In his poem Finis (1923) VN mentions zvezda nad chernotoyu sada (a star above the blackness of a garden):
Не надо плакать. Видишь, там - звезда,
там - над листвою, справа. Ах, не надо,
прошу тебя! О чем я начал? Да,
- о той звезде над чернотою сада;
на ней живут, быть может... что же ты,
опять! Смотри же, я совсем спокоен,
совсем... Ты слушай дальше: день был зноен,
мы шли на холм, где красные цветы...
Не то. О чем я говорил? Есть слово:
любовь, - глухой глагол: любить... Цветы
какие-то мне помешали. Ты
должна простить. Ну вот - ты плачешь снова.

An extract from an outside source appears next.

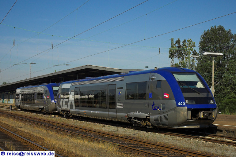 2 Triebwagen der SNCF-Reihe X 73900 mit Deutschland-Zulassung verlassen am 01.08.2007 den Bahnhof Kehl Richtung Offenburg.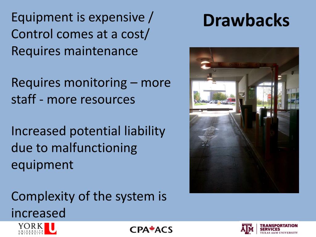 Drawbacks • Equipment is expensive / Control comes at a cost/ • Requires maintenance • Requires monitoring – more staff - more resources • Increased potential liability due to malfunctioning equipment • Complexity of the system is increased

Не надо слез! Ах, кто так мучит нас?
Не надо помнить, ничего не надо...
Вон там - звезда над чернотою сада...
Скажи - а вдруг проснемся мы сейчас?
9. 1. 23.
VN's poem Finis is dated January 9, 1923. In the summer of 1923 Humbert had his childhood romance with Annabel Leigh (Lolita's precursor who died of typhus in Corfu at the beginning of 1924). On January 9, 1921, Konstantin Merezhkovski (a Russian biologist, 1855-1921), the author of Ray Zemnoy ili Son v zimnyuyu noch' ("The Earthly Paradise, or a Midwinter Night's Dream," 1903), an utopian novel set in the 27th century, was found dead in his hotel room (in Hôtel des Familles in Geneva), having tied himself up in his bed with a mask which was supplied with an asphyxiating gas from a metal container. It appears that his suicide was directly connected to his paedophilic utoian beliefs (reflected in his novel) as well as his view that he was becoming too old and frail to continue his history of child abuse. Merezhkovski left the following suicide note: "Slishkom star chtoby rabotat', slishkom beden chtoby zhit' (Too old to work, too poor to live)." The title of his novel, Ray Zemnoy, brings to mind John Ray, Jr. (Humbert Humbert's "real" name, as it transpires). In the Russian Lolita (1967) John Ray's Foreword is dated August 5, 1955:
Джон Рэй, д-р философии
Видворт, Массачусетс
5 августа 1955 года
The infamous author of Ray Zemnoy, Konstantin Merezhkovski was born on August 4, 1855, in St. Petersburg (VN's home city). William Hogarth's last engraving, Tailpiece, or The Bathos (1764) is also known as Finis:
The sandglass in the drawing makes one think of Hourglass Lake, a woodlake near Ramsdale (a small town in New England where Dolores Haze lives with her mother Charlotte). Oblako, ozero, bashnya ("Cloud, Castle, Lake," 1937) is a story by VN set in Hitler's Germany ("under the sky of Schiller and of Goethe").